- Awarded for: The most outstanding director of rugby in each given Premiership Rugby season
- Sponsored by: London Pride
- Country: England
- Presented by: Premiership Rugby
- First award: 1998–99
- Currently held by: Phil Dowson (Northampton Saints)

Highlights
- Most awards: Mark McCall (5)
- Most team wins: Leicester Tigers and Saracens (5)

= Premiership Rugby Director of Rugby of the Season =

English rugby union award

The Premiership Rugby Director of Rugby of the Season is an annual rugby union award presented to coaches in England, which recognises the most outstanding director of rugby in the Premiership each season.

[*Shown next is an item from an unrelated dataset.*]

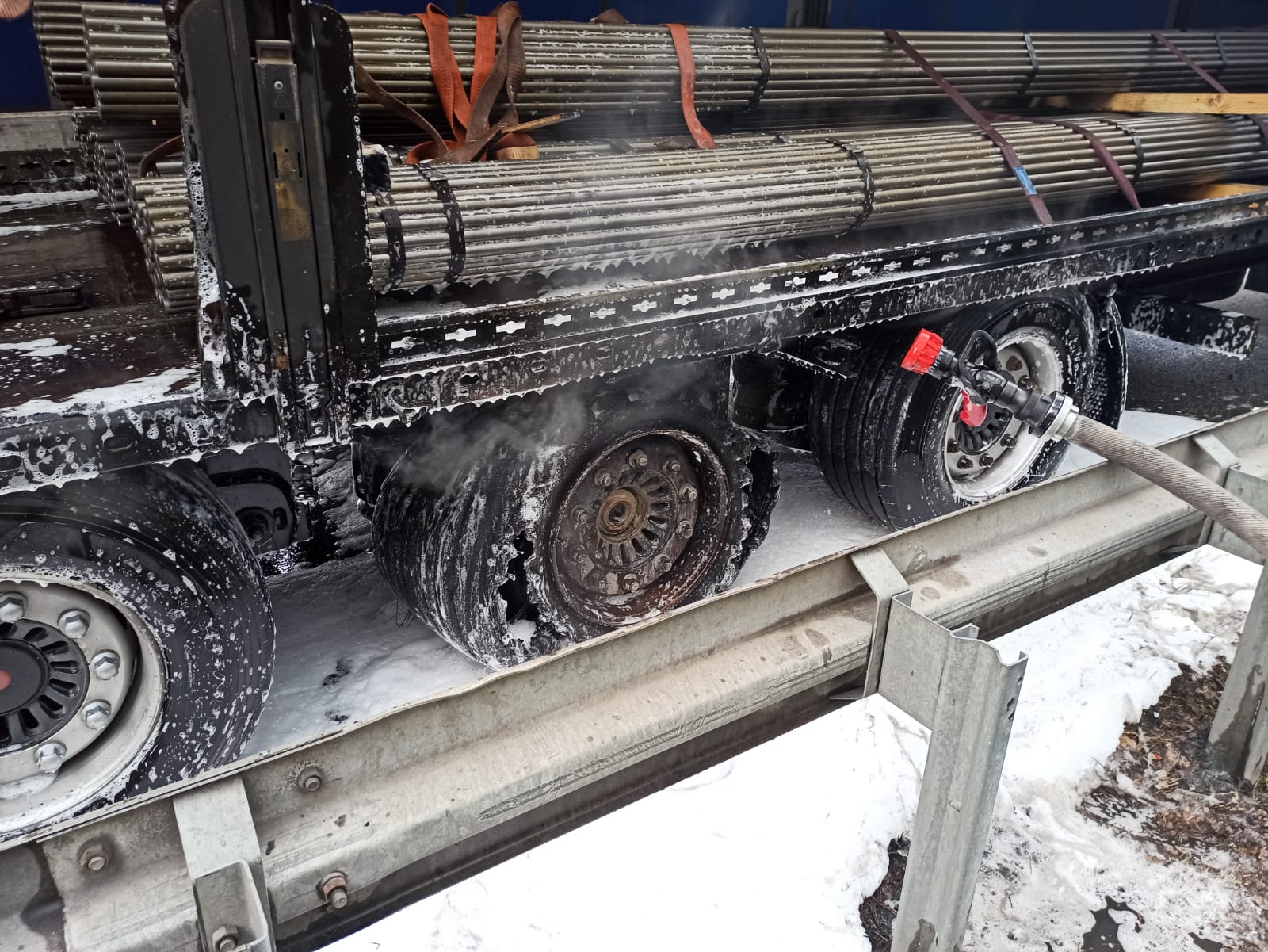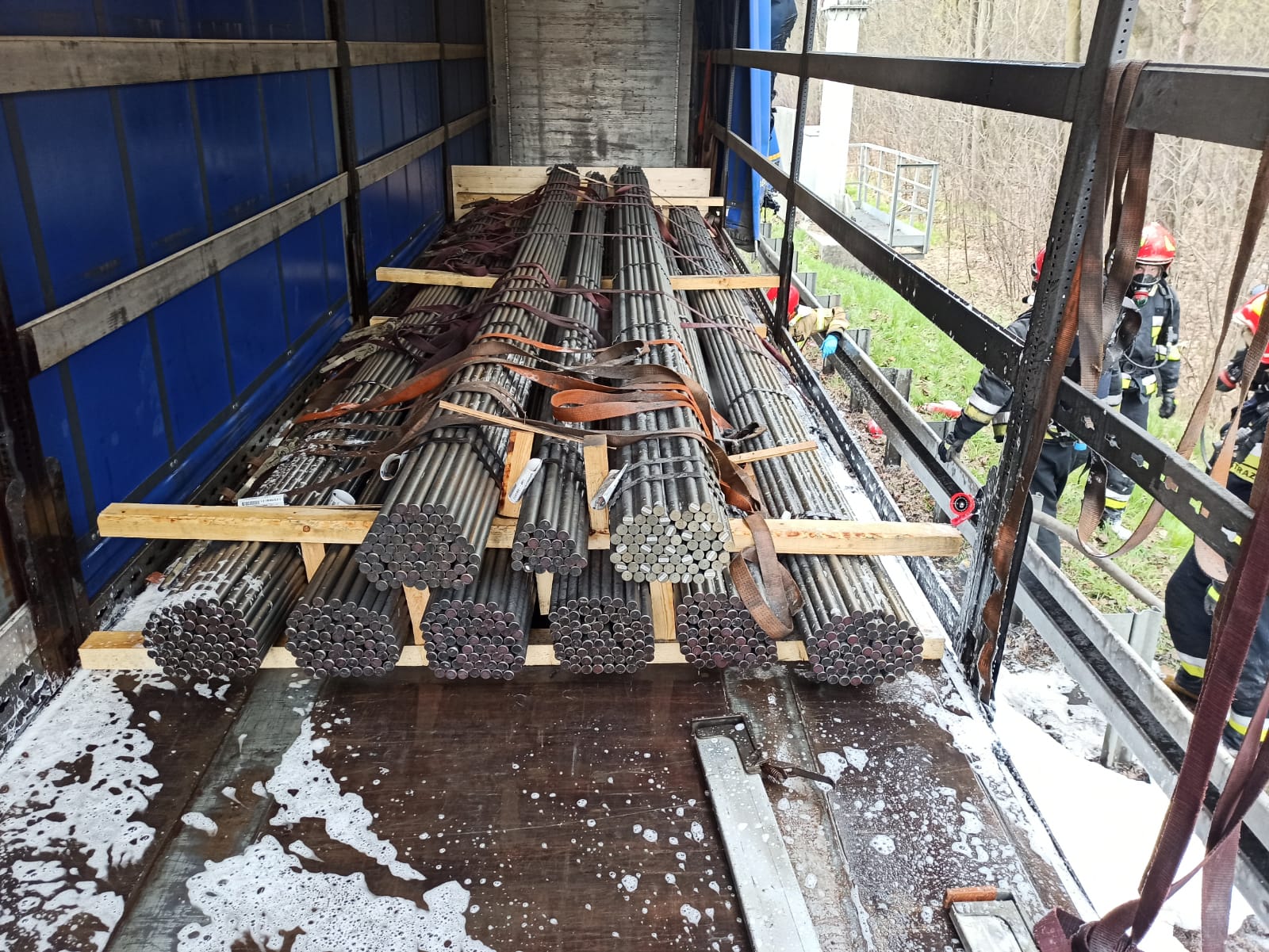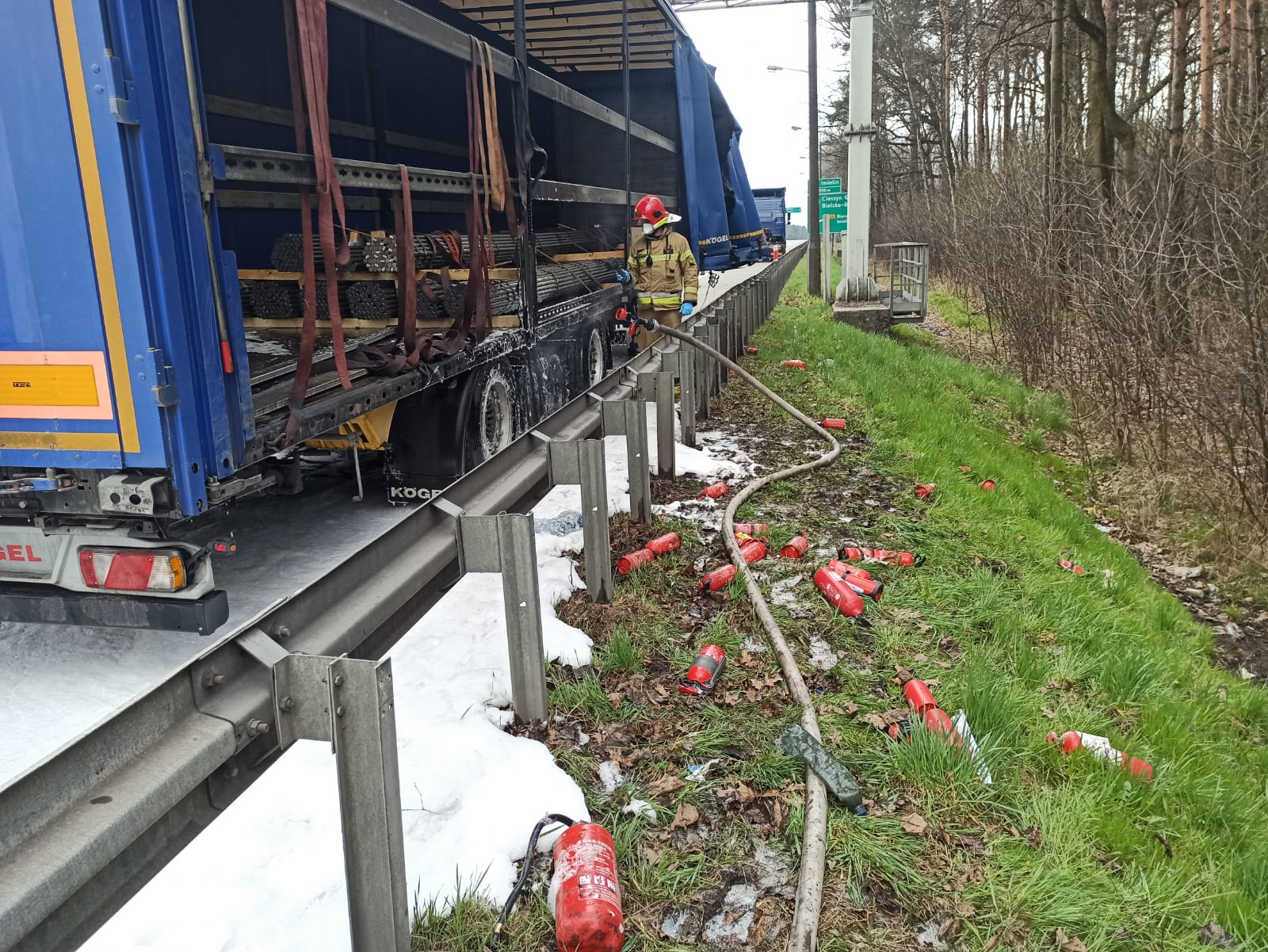 W dniu 23.04.2021 o godzinie 15:15 mysłowiccy strażacy zostali wezwali do pożaru naczepy samochodu ciężarowego na trasie S1. Po przybyciu na miejsce zdarzenia i przeprowadzeniu rozpoznania stwierdzono, że kierowca zatrzymał zestaw na poboczu trasy S1 w kierunku na Tychy i odpiął palącą się naczepę od ciągnika siodłowego. Pożarem objęty był bok naczepy oraz opony. Z uwagi na silne zadymienie został zatrzymany ruch w kierunku na Tychy do czasu ugaszenia pożaru. Podczas zdarzenia nikt nie odniósł obrażeń. W działaniach ratowniczo-gaśniczych brały udział 2 zastępy i 8 strażaków Państwowej Straży Pożarnej oraz 2 zastępy i 7 druhów OSP. Działania zostały zakończone o godz. 18.09. Przyczynę i okoliczności pożaru ustala Policja.

The first Director of Rugby of the Season award was given to Northampton Saints coach Ian McGeechan as part of the 1998–99 end of season awards.

Mark McCall has won the award a record five times, all with Saracens. Rob Baxter is the only other coach to have won the award more than once.

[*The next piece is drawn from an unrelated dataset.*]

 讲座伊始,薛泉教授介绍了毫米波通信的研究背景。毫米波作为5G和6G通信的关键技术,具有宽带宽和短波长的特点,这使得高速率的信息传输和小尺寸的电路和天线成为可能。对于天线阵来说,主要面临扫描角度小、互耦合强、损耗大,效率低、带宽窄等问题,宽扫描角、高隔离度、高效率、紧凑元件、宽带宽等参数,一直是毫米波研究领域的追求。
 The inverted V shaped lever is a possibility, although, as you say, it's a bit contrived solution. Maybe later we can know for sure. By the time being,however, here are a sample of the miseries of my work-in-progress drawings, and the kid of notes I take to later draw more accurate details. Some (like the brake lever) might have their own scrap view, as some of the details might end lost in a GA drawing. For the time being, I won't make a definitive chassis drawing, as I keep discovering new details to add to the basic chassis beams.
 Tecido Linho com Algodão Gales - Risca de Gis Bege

Following the 2024–25 season, the award was presented as part of The Rugby Awards, joining Premiership Rugby, the Rugby Players' Association (RPA), Premiership Women's Rugby (PWR) and the Rugby Football Union (RFU). A shortlist is chosen by a panel consisting of members of the RPA and the media, and the recipient is chosen by the public.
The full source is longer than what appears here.